Même si on a mal dormi, il ne faut surtout pas augmenter ses doses quotidiennes d’excitants comme le café, le thé ou les boissons énergisantes. Je conseille également de ne pas chercher à récupérer le sommeil manquant en se levant plus tard, en faisant une sieste prolongée ou en se couchant plus tôt.
- Y a-t-il des choses à éviter au quotidien pour arriver à dormir d’une traite ?
Oui. J’invite à éviter de faire du sport tard le soir et à couper tous les écrans au moins une bonne heure avant d’aller se coucher (si ce dernier point est trop dur à mettre en place, sachez que regarder la télévision est moins nocif pour le sommeil que de traîner sur son téléphone portable, NDLR).
Bien aménager son environnement, avoir une alimentation équilibrée et faire une activité physique régulière* favorisent également un sommeil de qualité, tout comme le fait de se lever et de se coucher tous les jours à la même heure. En effet, le week-end et les vacances ne sont que des inventions de notre société moderne et ne sont pas forcément adaptés à notre organisme naturel.
- Qui faut-il consulter en cas de réveils nocturnes pathologiques ?

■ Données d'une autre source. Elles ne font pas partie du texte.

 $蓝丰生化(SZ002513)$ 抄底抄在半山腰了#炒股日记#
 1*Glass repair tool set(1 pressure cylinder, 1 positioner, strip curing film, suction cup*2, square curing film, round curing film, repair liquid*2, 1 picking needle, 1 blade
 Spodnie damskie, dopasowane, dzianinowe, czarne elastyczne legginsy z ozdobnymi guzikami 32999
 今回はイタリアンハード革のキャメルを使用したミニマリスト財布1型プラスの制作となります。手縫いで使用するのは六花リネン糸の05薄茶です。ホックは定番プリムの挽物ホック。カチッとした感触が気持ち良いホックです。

Si la gêne dure plus de trois mois, je conseille d’abord d’en parler à son médecin généraliste, qui orientera selon les besoins vers un pneumologue, un psychologue, un psychiatre ou un somnologue spécialisé dans les troubles du sommeil, sachant qu’il existe des programmes de soins en ligne.

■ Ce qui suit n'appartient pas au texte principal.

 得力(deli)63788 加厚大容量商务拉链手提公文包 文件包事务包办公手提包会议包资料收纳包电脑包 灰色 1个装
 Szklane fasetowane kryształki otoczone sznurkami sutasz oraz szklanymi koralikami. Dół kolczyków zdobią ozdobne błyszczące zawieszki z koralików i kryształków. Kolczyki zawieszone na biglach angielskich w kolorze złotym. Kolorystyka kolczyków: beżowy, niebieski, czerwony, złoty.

Faire le questionnaire du Réseau Morphée peut aussi aider à évaluer s’il faut se faire prendre en charge ou non.
- Faut-il avoir recours à une médication ?
Les recommandations officielles estiment qu’il vaut parfois mieux traiter les réveils nocturnes avec des médicaments plutôt que de laisser l’insomnie chronique s’installer, car c’est très dur d’en sortir une fois qu’elle est constituée. Néanmoins, leur recours ne doit être que ponctuel ou limité dans le temps, afin de par exemple faire face à une grosse échéance ou de sortir d’une mauvaise période (licenciement, décès...).
*Au moins les 6 000 pas par jour recommandés par l’OMS.